Intriguingly, we found that two of these highly supported variants,
i.e. chr9:34557898:A:T (CNTFR) and rs150021157 (PCSK5) interact within
the second-largest module identified on the interaction network of the
genes affected by mutations within our study. This cluster, which is
moreover the only one characterized by two fully supported variants, is
highly enriched in pathways linked to immune response and inflammation,
such as the such as JAK-STAT signaling pathway, Cytokine-cytokine
receptor interaction, and Interleukin-6 family signaling. The third
cluster, which cross-talks with the second one, involves processes
related to SMAD and TGF-β signaling, which were previously shown to be
modulated by SARS nucleocapsid proteins^[142]23.
We found that variants enriched in severe patients are involved in
cardiomyopathies processes, supporting the established notion that
patients with heart disease or its risk factors are at greater risk of
severe consequences following COVID-19 infection, including
hospitalization, ventilation, or death^[143]24. Additional processes
significantly enriched among severe mutations was ECM, whose importance
in mediating the interaction with viral particles have been highlighted
by affinity-purification proteomics experiments^[144]25. Recent
experiments also confirmed a role for integrins in binding to
UV-inactivated viral particles, through which outside-inside signaling
is elicited via binding to Gα13^[145]26. Vesicle-mediated transport,
such as clathrin-mediated endocytosis, has been shown to mediate a key
entry point for SARS^[146]27. The latter pathway has also been
confirmed to drive a chronic immune response in severe
COVID-19^[147]28. Moreover, C-type leptin receptors have been shown to
engage with the virus inducing robust pro-inflammatory responses in
myeloid cells that correlated with COVID-19 severity^[148]29.
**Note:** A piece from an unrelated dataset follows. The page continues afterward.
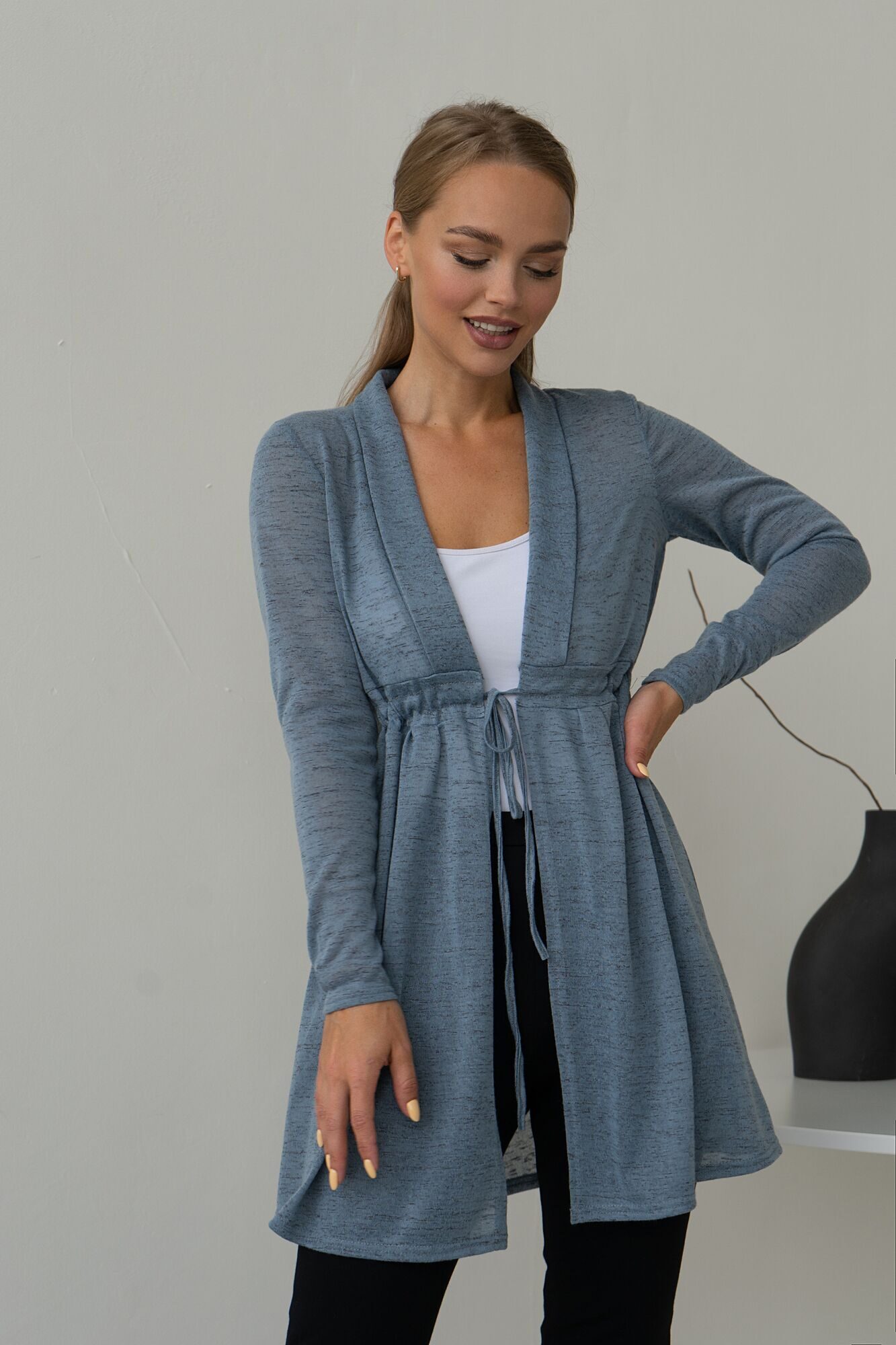 Однотонный кардиган широкого кроя идеальный выбор для дам в положении или желающих скрыть излишние объемы бёдер и ног. Модель с кокеткой завязывается на шнурок. Прекрасно подчёркивает линию груди и декольте избегая нижних объёмов. Удлиненный наряд может быть использован как накидка, легко дополнит деловые комплекты, оттенит цветную рубашку, водолазку или топ. Идеальная вещь на каждый день сохранит тепло и комфорт.44 размер-ОГ-80, ОТ-78, ДИ-79, ДР-55 42 размер- ОГ-79, ОТ-77, ДИ-78 ДР-54,46 размер-ОГ-82, ОТ-79, ДИ-80, ДР-56 48 размер-ОГ-83, ОТ-80, ДИ-81, ДР-57

On the other hand, some of the processes that we found significantly
enriched among asymptomatic patients have been previously put in
connection to SARS viral infection. For example, members of the
machinery for DNA damage response have been shown to interact and
affect the response to several DNA and RNA viruses^[149]30 and it has
been recently demonstrated that these pathways are also triggered by
SARS-CoV-2 in vitro cellular models^[150]31. The Fanconi anemia pathway
is tightly linked to DNA repair processes involving homologous
recombination and genome integrity^[151]32. We therefore speculate that
patients carrying variants on these pathways might differently interact
with the virus, modulating a milder response to viral infection.
Several identified processes offer druggable options for therapeutic
treatment. Androgen receptor signaling and its genetic variability have
been already linked to COVID-19 severity^[152]11,[153]33 and its
inhibition proposed as a therapeutic strategy (e.g^[154]34.). We found
several GPCR signaling instances significantly enriched in our network,
in particular those related to G[i] and G[q] signaling, which mediate
vascular inflammation. In particular, the G[q] pathway contributes to
regulating calcium signaling, which is one of the most enriched
processes in our dataset and which leads to endothelial barrier
disruption via adherens junction disassembly^[155]35. On the other
hand, G[q] signaling might also contribute to transactivate JAK-STAT
pathway via (ERK)1/2 signaling^[156]35, the latter in turn also
activated by G[i] signaling^[157]36. It has also been recently shown
that the C5a–C5aR1 axis, which also signals intracellularly through
G[q], plays a key role in the pathophysiology of ARDS associated with
COVID-19 by starting and maintaining several inflammatory responses
through the recruitment and activation of neutrophils and
monocytes^[158]37. Hence, similarly to what we and others previously
described in cancer^[159]38, genetic factors converging on modulating
common GPCR downstream signaling pathways might also contribute to the
onset of the inflammatory response related to COVID-19, at the same
time offering new therapeutic intervention options for patients with
severe forms of COVID-19. The recent finding that autoantibodies
targeting GPCRs are associated with COVID-19 severity^[160]39, further
strengthens these receptors as therapeutic candidates.
We found multiple, recurrent disease traits associated with the
variants identified. The variants rs150021157 and rs140300753,
characterized by full support during supervised learning, also provide
an example of associations to phenotypes that might play a role in
COVID-19 severity, such as “Abnormalities of breathing phenotype”. Some
categories show a prevalence of associations with risk factors, such as
“respiratory or thoracic disease”, including specific traits such as
chronic bronchitis, emphysema or COPD (the latter also found in the
“infectious disease” category). Other categories enriched for
associations with variants enriched in severe patients are “immune
system disorders”, including traits such as immunodeficiency with
antibody defects, or “pancreas disease”, including several instances
mainly associated to Type 2 diabetes, which is a known risk factor for
severe COVID-19^[161]40 and whose molecular connection to cytokine
storm inflammatory response has now begun to emerge^[162]17,[163]41.
Taken together, these results further corroborate our analysis.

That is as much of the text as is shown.